■ Given data ■

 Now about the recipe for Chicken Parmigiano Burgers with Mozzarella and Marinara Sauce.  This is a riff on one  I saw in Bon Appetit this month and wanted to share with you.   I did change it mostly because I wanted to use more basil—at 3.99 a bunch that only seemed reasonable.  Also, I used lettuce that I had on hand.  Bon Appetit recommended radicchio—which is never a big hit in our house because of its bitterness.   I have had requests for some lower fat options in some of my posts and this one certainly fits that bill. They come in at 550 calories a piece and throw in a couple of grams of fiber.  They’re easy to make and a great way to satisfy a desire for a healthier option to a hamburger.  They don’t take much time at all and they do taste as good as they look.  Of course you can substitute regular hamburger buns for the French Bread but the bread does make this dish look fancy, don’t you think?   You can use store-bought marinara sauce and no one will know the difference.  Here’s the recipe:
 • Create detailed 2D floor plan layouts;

--

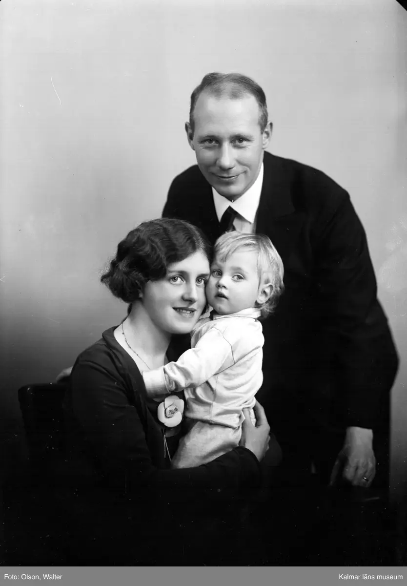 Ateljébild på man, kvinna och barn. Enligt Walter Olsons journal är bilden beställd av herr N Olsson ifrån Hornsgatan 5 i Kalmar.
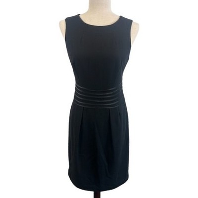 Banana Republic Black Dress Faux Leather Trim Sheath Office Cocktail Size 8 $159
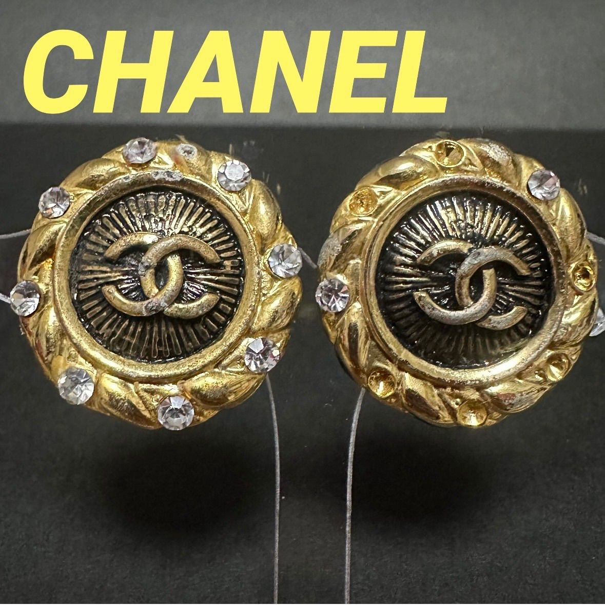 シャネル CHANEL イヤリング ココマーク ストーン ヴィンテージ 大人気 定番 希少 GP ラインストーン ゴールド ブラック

■ What needs to be done ■
Starting at the line containing "Ateljébild på man, kvinna" and finishing at the line containing "シャネル CHANEL イヤリング", return those lines exactly as they appear above, without the pictures.

■ Completed task ■
 Ateljébild på man, kvinna och barn. Enligt Walter Olsons journal är bilden beställd av herr N Olsson ifrån Hornsgatan 5 i Kalmar.
 Banana Republic Black Dress Faux Leather Trim Sheath Office Cocktail Size 8 $159
 シャネル CHANEL イヤリング ココマーク ストーン ヴィンテージ 大人気 定番 希少 GP ラインストーン ゴールド ブラック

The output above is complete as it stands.